Re. 1, I think outcomes based RL (with some penalty for long responses) should somewhat mitigate this problem, at least if NAH is true?
Can you say more? I don’t think I see why that would be.
Re 2-3, Agree unless we use models that are incapable of deceptive reasoning without CoT (due to number of parameters or training data).
Intuitively it seems like CoT would have to get a couple of OOMs more reliable to be able to get a competitively strong model under those conditions (as you point out).

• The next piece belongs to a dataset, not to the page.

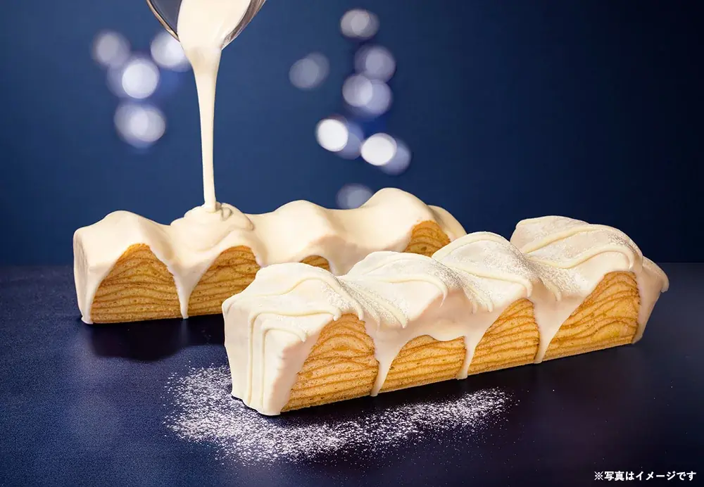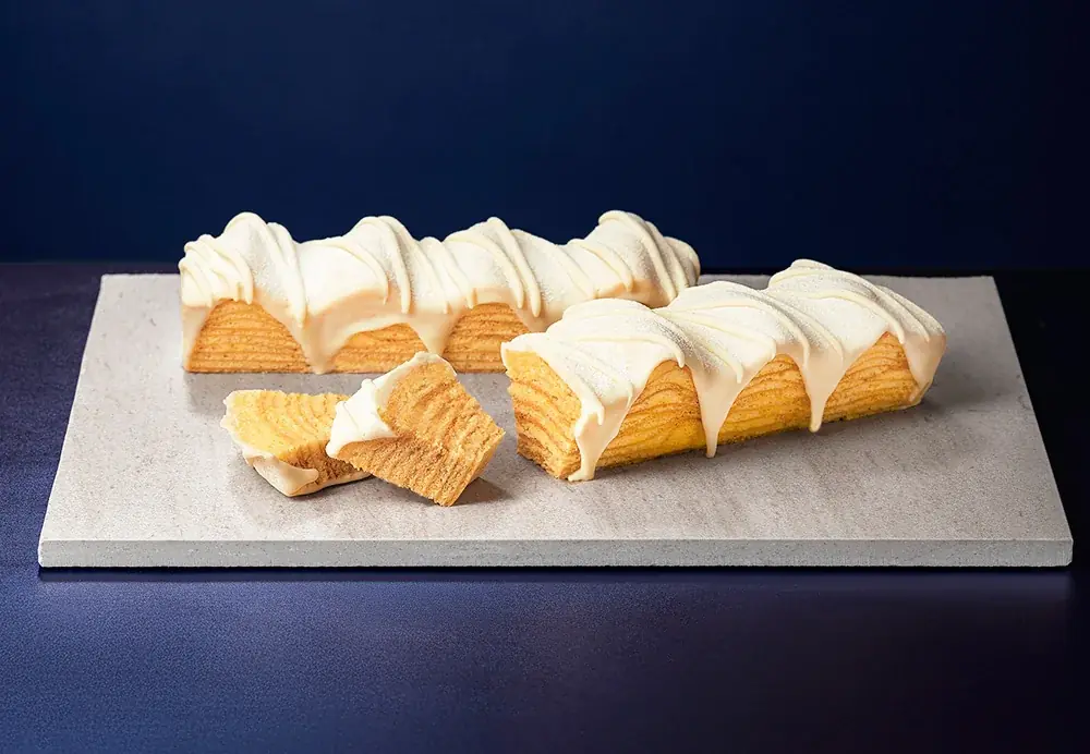 冬仕立てのホワイトショコラがとろりとける、〈マウントバーム しっかり芽〉をベースに北海道ミルクの風味を溶け込ませたホワイトショコラを流し掛けした冬限定のショコラバーム。外はカリッと香ばしく、中はしっとり熟成した食感が特徴です。

Can you say more? I don’t think I see why that would be.
When we ask whether some CoT is faithful, we mean something like: “Does this CoT allow us to predict the LLM’s response more than if there weren’t a CoT?”
The simplest reason I can think of for why CoT improves performance yet doesn’t allow predictability is that the improvement is mostly a result of extra computation and the content of the CoT does not matter very much, since the LLM still doesn’t “understand” the Cot it produces the same way we do.
If you are using outcomes-based RL with a discount factor (γ in π∗=argmaxπE[∑∞k=0γkR(s,a,s′)]) or some other penalty for long responses, there is optimisation pressure towards using the abstractions in your reasoning process that most efficiently get you from the input query to the correct response.
NAH implies that the universe lends itself to natural abstractions, and therefore most sufficiently intelligent systems will think in terms of those abstractions. If the NAH is true, those abstractions will be the same abstractions that other sufficiently intelligent systems (humans?) have converged towards, allowing these systems to interpret each other’s abstractions.
I naively expect o1′s CoT to be more faithful. It’s a shame that OpenAI won’t let researchers access o1 CoT; otherwise, we could have tested it (although the results would be somewhat confounded if they used process supervision as well).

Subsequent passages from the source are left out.